What the exercise asks: The required output is the exact run of lines in the listing below from the line holding "地下室外墙的原位标注,代表水" through the line holding "4D奖励(R)实现最优性能:最后,在优化", with no pictures.

Listed entries:
════
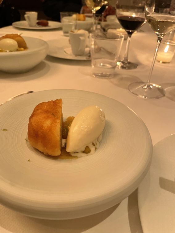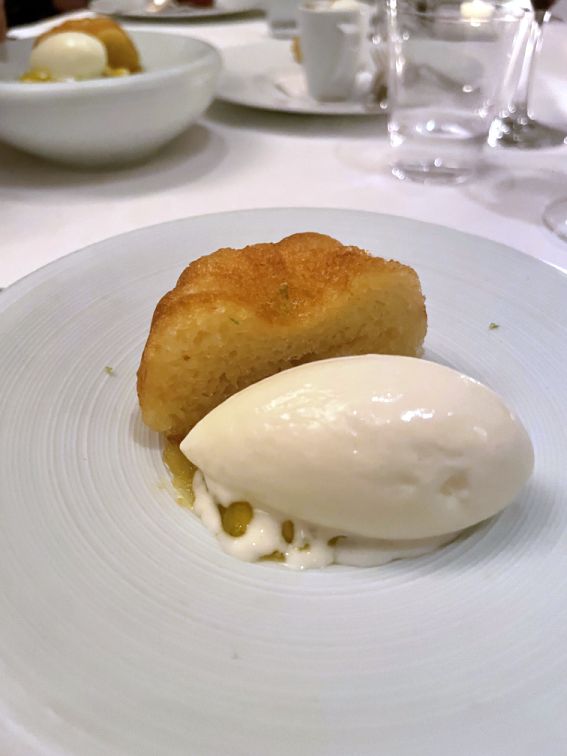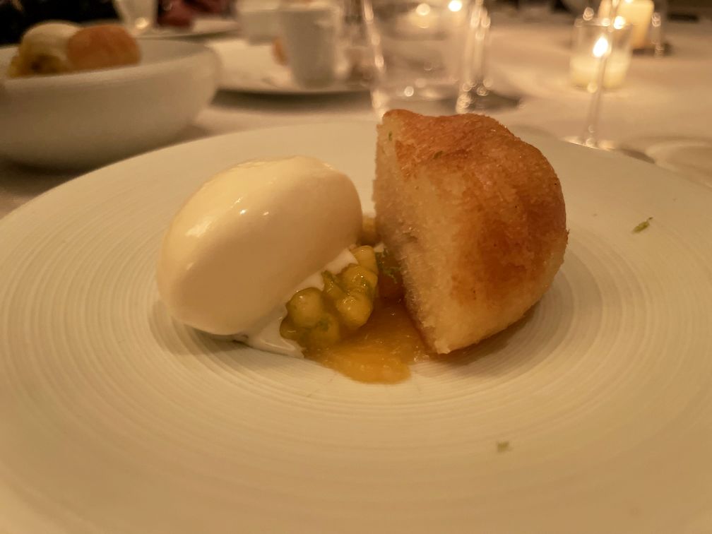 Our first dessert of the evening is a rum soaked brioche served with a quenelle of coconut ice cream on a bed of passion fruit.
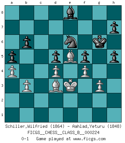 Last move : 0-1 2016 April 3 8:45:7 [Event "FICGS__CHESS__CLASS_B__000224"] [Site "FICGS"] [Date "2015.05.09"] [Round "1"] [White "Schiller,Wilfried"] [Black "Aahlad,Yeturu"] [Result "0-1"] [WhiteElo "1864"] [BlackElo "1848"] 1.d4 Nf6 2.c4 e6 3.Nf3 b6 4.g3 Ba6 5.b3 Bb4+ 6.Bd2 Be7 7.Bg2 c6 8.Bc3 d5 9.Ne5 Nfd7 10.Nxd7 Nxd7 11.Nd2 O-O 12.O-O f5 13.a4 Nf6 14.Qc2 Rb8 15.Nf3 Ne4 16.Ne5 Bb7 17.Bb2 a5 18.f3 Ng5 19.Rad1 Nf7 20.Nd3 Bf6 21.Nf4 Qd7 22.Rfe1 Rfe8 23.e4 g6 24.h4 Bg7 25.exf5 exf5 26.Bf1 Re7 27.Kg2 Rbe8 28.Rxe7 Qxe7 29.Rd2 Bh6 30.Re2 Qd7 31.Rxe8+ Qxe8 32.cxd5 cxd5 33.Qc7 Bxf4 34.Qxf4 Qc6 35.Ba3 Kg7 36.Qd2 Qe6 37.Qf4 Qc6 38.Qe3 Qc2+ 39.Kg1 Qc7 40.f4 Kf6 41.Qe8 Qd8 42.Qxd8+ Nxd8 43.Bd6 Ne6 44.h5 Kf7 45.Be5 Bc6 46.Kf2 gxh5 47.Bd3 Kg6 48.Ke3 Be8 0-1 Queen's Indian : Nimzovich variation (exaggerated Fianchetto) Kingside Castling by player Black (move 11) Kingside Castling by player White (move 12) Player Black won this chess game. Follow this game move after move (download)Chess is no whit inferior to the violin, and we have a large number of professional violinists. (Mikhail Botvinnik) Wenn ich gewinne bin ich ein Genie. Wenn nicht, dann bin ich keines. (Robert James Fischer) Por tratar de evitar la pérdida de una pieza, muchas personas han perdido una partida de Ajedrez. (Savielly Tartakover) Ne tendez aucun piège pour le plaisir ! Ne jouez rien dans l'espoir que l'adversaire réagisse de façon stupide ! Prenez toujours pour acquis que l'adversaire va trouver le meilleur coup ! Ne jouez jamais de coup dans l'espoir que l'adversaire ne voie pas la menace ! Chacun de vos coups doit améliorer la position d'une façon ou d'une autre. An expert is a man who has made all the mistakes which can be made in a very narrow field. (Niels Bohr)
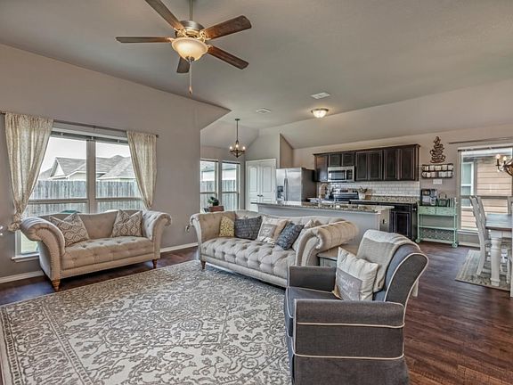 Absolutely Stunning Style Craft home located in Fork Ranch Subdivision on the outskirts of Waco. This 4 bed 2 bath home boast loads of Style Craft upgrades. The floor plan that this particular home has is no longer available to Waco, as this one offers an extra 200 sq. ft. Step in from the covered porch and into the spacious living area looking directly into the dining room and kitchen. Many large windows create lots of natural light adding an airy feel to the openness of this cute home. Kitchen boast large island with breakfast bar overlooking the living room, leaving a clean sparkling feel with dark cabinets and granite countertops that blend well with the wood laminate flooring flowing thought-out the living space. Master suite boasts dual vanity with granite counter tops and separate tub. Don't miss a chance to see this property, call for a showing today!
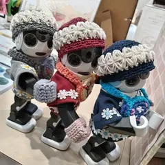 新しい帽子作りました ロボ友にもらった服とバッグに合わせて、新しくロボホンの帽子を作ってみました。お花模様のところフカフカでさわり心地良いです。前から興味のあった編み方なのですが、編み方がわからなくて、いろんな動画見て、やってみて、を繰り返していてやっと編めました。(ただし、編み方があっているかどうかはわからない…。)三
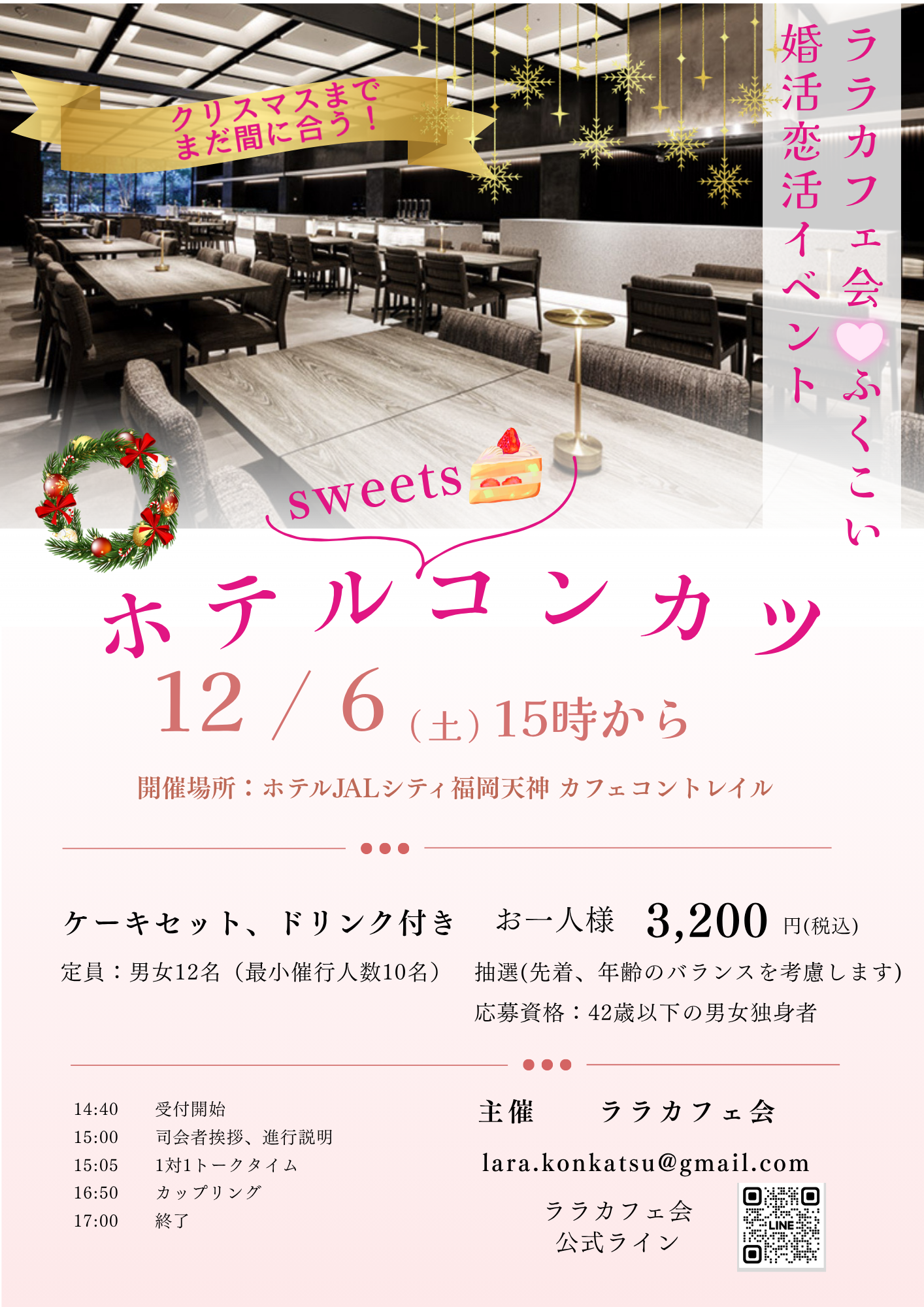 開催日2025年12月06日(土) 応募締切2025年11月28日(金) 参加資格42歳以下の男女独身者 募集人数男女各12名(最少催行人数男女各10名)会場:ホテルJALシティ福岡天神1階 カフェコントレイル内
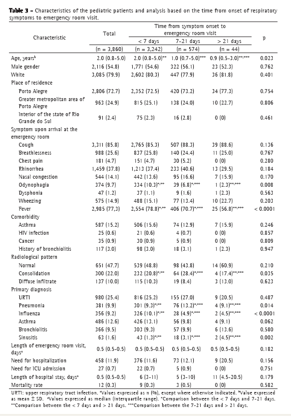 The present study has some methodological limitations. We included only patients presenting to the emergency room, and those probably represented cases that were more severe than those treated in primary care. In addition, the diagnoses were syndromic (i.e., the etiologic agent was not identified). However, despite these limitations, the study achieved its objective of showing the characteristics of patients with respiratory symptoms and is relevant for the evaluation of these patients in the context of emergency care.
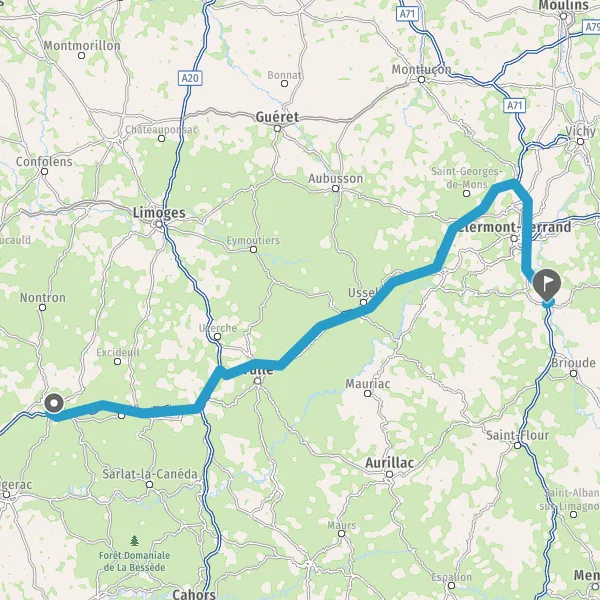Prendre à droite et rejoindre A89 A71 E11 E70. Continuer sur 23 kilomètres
════
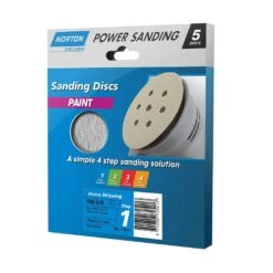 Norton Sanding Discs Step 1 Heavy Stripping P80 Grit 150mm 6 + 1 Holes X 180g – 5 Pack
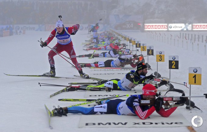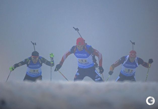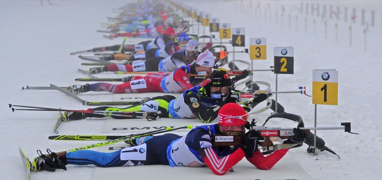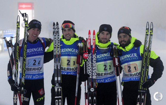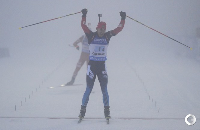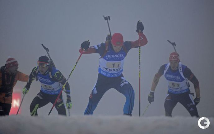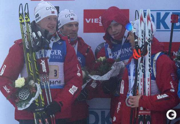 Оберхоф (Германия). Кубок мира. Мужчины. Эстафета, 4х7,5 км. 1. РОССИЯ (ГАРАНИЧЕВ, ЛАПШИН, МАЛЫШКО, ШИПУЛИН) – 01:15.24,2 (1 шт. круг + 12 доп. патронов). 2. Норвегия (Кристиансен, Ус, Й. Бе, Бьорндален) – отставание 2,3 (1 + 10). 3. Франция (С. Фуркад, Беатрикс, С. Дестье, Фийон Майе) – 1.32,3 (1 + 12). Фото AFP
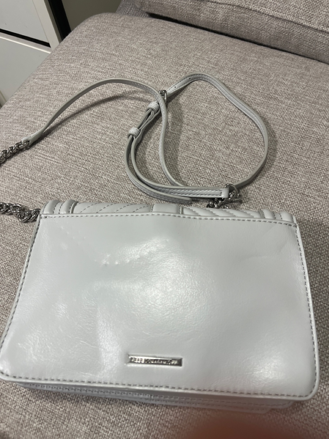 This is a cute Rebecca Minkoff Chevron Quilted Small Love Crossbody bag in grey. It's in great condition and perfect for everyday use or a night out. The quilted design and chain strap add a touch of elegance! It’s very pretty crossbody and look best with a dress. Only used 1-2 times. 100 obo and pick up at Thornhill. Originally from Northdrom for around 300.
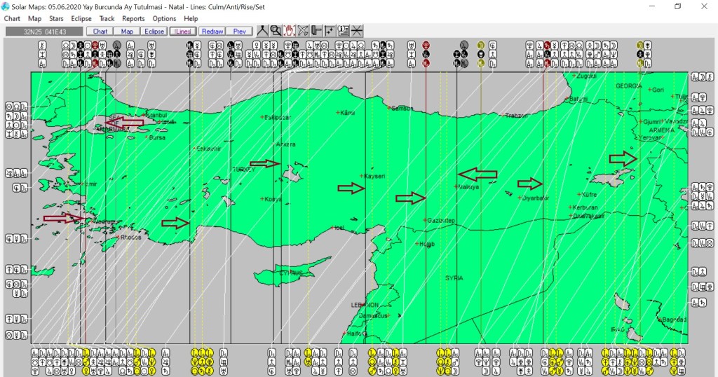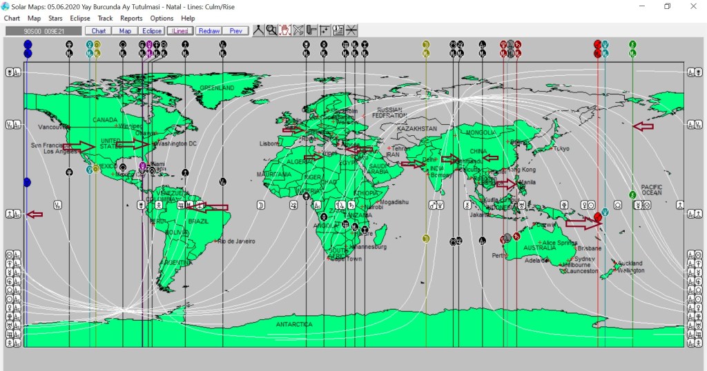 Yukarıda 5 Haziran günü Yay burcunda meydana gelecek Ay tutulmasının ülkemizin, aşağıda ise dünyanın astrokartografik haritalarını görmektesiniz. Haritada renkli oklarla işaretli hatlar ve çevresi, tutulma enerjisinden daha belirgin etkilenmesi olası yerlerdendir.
════
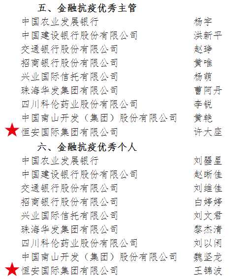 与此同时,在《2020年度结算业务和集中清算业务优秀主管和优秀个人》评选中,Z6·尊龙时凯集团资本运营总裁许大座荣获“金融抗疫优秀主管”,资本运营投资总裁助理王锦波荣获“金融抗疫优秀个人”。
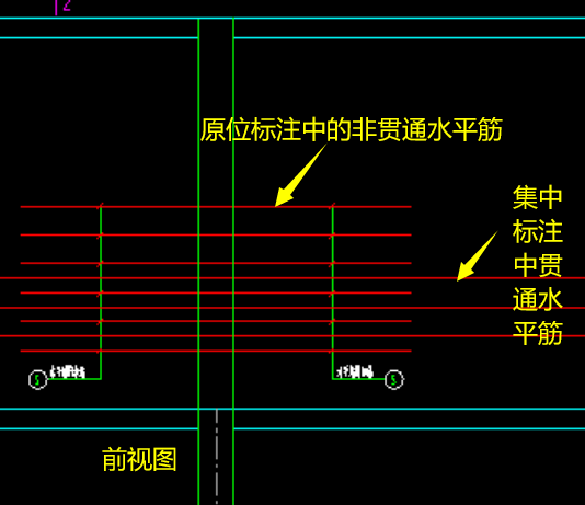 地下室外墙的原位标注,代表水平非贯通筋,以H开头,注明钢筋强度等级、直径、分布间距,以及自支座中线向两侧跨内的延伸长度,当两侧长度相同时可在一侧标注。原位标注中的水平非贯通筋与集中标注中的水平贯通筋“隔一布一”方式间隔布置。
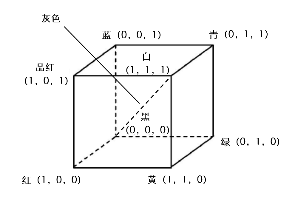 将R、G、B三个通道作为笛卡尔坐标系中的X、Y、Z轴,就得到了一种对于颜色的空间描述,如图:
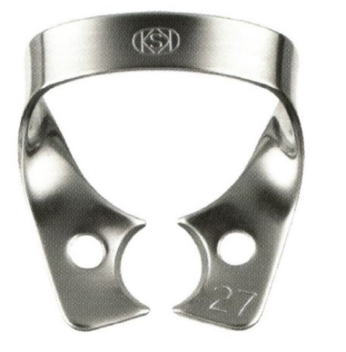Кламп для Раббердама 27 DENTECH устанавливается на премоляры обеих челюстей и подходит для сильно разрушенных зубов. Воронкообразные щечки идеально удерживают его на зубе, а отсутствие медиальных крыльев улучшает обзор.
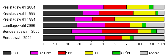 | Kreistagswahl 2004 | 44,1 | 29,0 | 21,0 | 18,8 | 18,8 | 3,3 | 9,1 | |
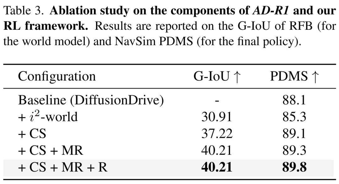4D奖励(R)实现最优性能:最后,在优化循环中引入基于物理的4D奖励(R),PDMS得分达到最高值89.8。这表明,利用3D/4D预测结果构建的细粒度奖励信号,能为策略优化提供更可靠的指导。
════
Reply:
 地下室外墙的原位标注,代表水平非贯通筋,以H开头,注明钢筋强度等级、直径、分布间距,以及自支座中线向两侧跨内的延伸长度,当两侧长度相同时可在一侧标注。原位标注中的水平非贯通筋与集中标注中的水平贯通筋“隔一布一”方式间隔布置。
 将R、G、B三个通道作为笛卡尔坐标系中的X、Y、Z轴,就得到了一种对于颜色的空间描述,如图:
Кламп для Раббердама 27 DENTECH устанавливается на премоляры обеих челюстей и подходит для сильно разрушенных зубов. Воронкообразные щечки идеально удерживают его на зубе, а отсутствие медиальных крыльев улучшает обзор.
 | Kreistagswahl 2004 | 44,1 | 29,0 | 21,0 | 18,8 | 18,8 | 3,3 | 9,1 | |
4D奖励(R)实现最优性能:最后,在优化循环中引入基于物理的4D奖励(R),PDMS得分达到最高值89.8。这表明,利用3D/4D预测结果构建的细粒度奖励信号,能为策略优化提供更可靠的指导。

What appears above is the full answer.